Сталин сказал это без улыбки, очень значительно, эти слова предназначались всей стране. Марк Александрович хотел продолжить доклад, но Сталин тронул его локоть:

– Я вас слушал, теперь вы меня послушайте.

Он заговорил о металлургии, о Востоке, о второй пятилетке, об обороне страны. Говорил медленно, четко, тихо, глуховатым голосом, отчетливо, будто диктовал машинистке, говорил вещи, всем известные, но сейчас, произносимые им, они казались новыми и особенно весомыми. Но о четвертой домне не упомянул, как бы не желая вызывать Рязанова на возражения, которые бы не принял и которые только бы повредили Рязанову.

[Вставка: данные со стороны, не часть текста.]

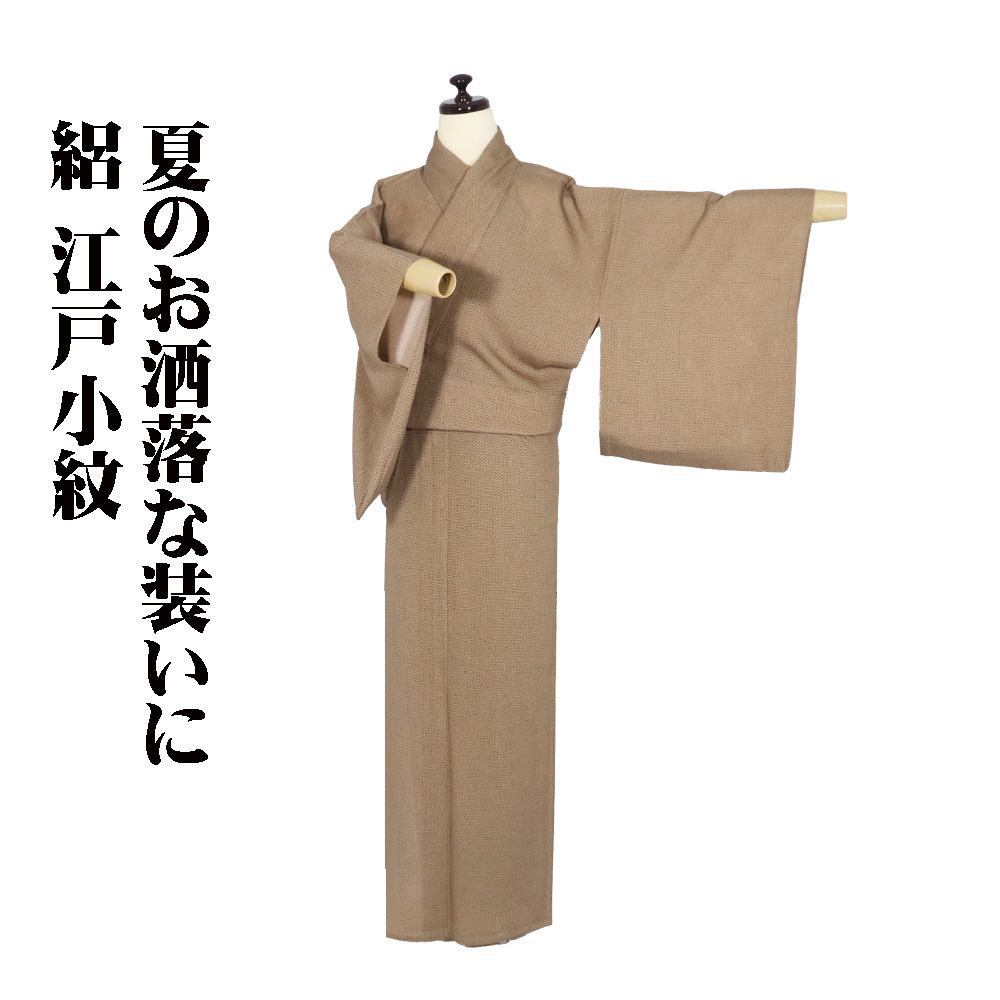 | 色・柄 | 絽 江戸小紋 丹後縮緬地 鮫地模様地 緑(お召茶色)・茶色(榛色)地 青海波・短冊文 上品な着物です。 (写真では上手く色が出ない場合があります。ご了承下さい) |

– Вы когда уезжаете? – спросил Сталин, вставая.

– Сегодня. – Марк Александрович тоже встал.

– Отложите, если возможно, дня на два. Я думаю, товарищам будет интересно послушать вас на Политбюро.

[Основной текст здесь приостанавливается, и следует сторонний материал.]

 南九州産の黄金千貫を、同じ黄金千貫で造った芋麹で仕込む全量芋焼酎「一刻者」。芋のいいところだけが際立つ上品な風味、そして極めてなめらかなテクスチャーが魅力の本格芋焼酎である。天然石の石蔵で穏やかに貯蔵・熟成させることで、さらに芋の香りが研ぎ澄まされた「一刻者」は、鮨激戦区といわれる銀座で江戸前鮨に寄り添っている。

Ощущение неудобства и тревоги, которые испытал Марк Александрович в разговоре со Сталиным, отступило, осталось только чувство того великого, к чему он прикоснулся. Беспримерное строительство, которое он вел, требовало железной воли. Не будь над ним железной воли Сталина, он не сумел бы проявить и свою. Эта воля была жесткой. Что делать?! Не милосердием совершаются исторические повороты.

В наркомате знали о разговоре Марка Александровича со Сталиным, и те, кому положено, уже готовили проект решения Политбюро. На вечер и на ночь остались все, кто мог понадобиться: сотрудники главка, машинистки, дежурная буфетчица. Члены коллегии, чья виза требуется на проекте решения, явятся в наркомат по первому звонку, и утром документы с нарочным будут доставлены в ЦК.

Никто не спрашивал Марка Александровича, что говорил Сталин. Пересказ может что-нибудь исказить. Сталин сам говорит народу то, что считает нужным. Марк Александрович называл сроки, объекты – это и было волей Сталина.

Главное то, что срок окончания строительства второго мартеновского цеха отложен на год. Это предвещало новый, реалистический, подход к составлению второго пятилетнего плана: металл – основа всего.

Будягин тоже занимался проектом решения, потом уехал, вернулся в восемь утра и молча завизировал его.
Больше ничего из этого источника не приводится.